A very quick look at this execution plan seems to indicate that it’s returning an absolutely massive dataset to the database client and sorting it twice. It would benefit from more conditions to restrict results to what the client is actually looking for.

Any comments, readers? How are you monitoring for temp space usage? Anyone using resource management to control temp usage?

5 Responses to “Sleuthing for Temporary Space Spendthrifts”

  • David Mann says:

    I always wanted to explore an AFTER SERVERERROR trigger to see if there was anything useful I could glean when a ORA-01555 fires.

    I like your approach though, I will give it a shot.

  • Hi Marc,

    it’s good to see someone writing about this new ASH feature. A few comments:

    1. I think your query using the LAG function lacks a bit of precision: In case of a Parallel Execution there will be multiple samples per SAMPLE_ID (one per sampled Parallel Slave), so your ORDER BY SAMPLE_ID of the LAG function is not deterministic for Parallel Executions I think.

    2. This also makes the approach of building a delta between samples questionable I think, at least for Parallel Execution. After all it is based on sampling – what if the particular session being sampled doesn’t show up afterwards, or only 100 samples later having released the previous TEMP allocation but allocating TEMP for a completely different part of the execution plan? The question here is probably, what kind of problem do you want to address using your query?

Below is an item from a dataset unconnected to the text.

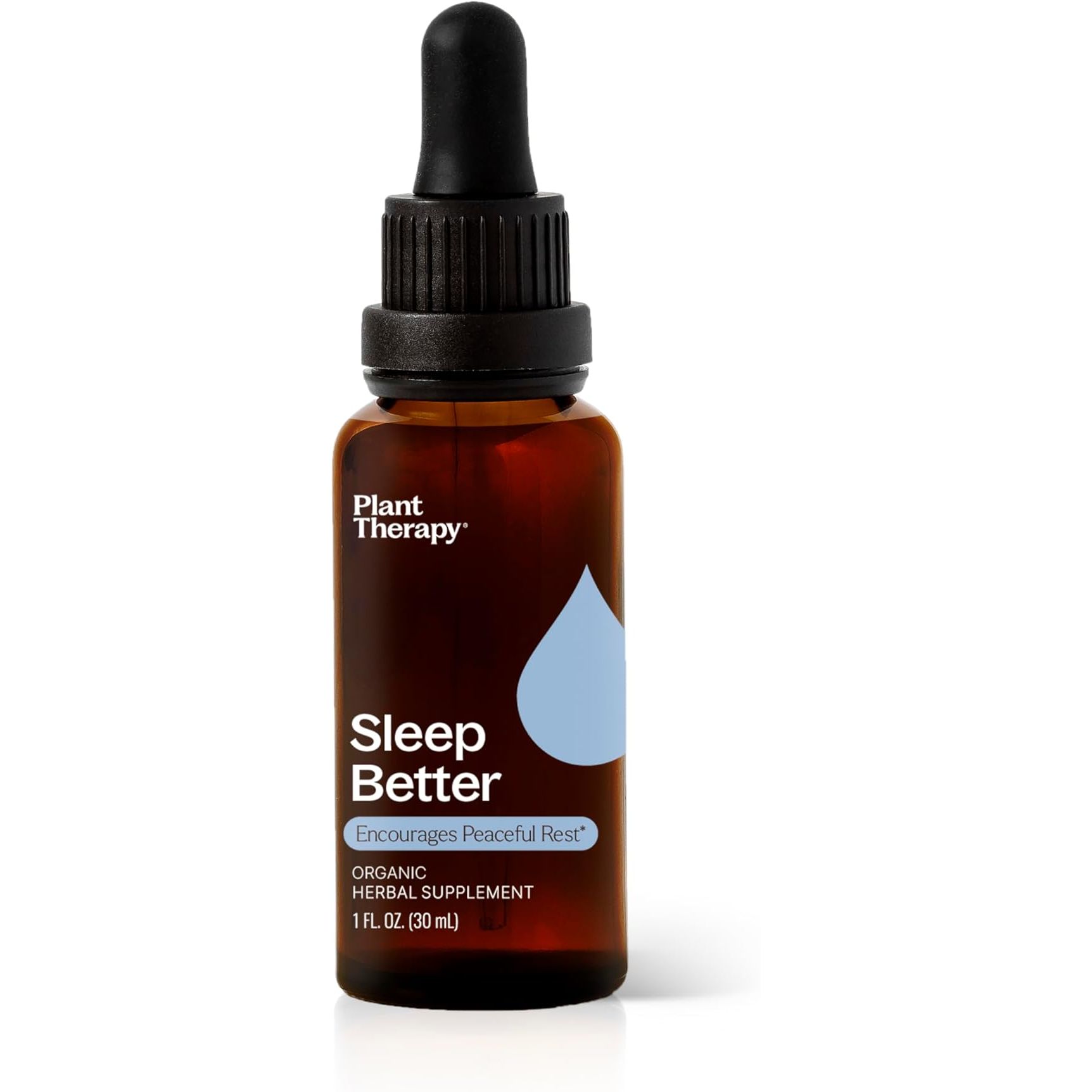 Plant Therapy Organic Sleep Better Tincture is a natural, plant-based supplement designed to help promote relaxation and better sleep. This blend of chamomile, lemon balm, and valerian extracts is known for its calming and sedative properties, making it a great option for those struggling with a busy mind or difficulty falling asleep.

    3. I don’t think that you can break down the TEMP_SPACE_ALLOCATED information from ASH on SQL plan line operation level. You can see this from your example where “PX RECEIVE” gets TEMP space allocated.

    But a “PX RECEIVE” operation doesn’t have a workarea assigned, so why should it show up?

    I believe the PGA and TEMP allocation in ASH data is not on operation level, but on session level, so represents the total aggregate for all active workareas of that SQL execution at the moment of sampling.

    This is different from Real-Time SQL Monitoring and Rowsource Statistics where you get the allocation data on workarea level.

    It looks more like the ASH data is taken from V$PROCESS for PGA and V$TEMPSEG_USAGE for TEMP.

    4. I do similar analysis in my XPLAN_ASH tool and I can show there that the TEMP space information from ASH is unreliable and quite often falls short of the actual TEMP space allocation reported by Rowsource Statistics or Real-Time SQL Monitoring, so the information has to be treated carefully and might be misleading (or the way I treat the data in XPLAN_ASH is misleading, but at present I don’t think so).


    • Hello Randolf,

      Thanks for the insightful comments. I went back to my original working version of the query, and I had a “PARTITION BY sql_id, sql_exec_id, session_id” clause in it, and somehow lost the session_id part in the final version. Like you say, the temp space counts are independent for each PX process, and I’ve corrected the query. It also now shows the usage in hashing and sorting operations, which does make a lot more sense than PX receive.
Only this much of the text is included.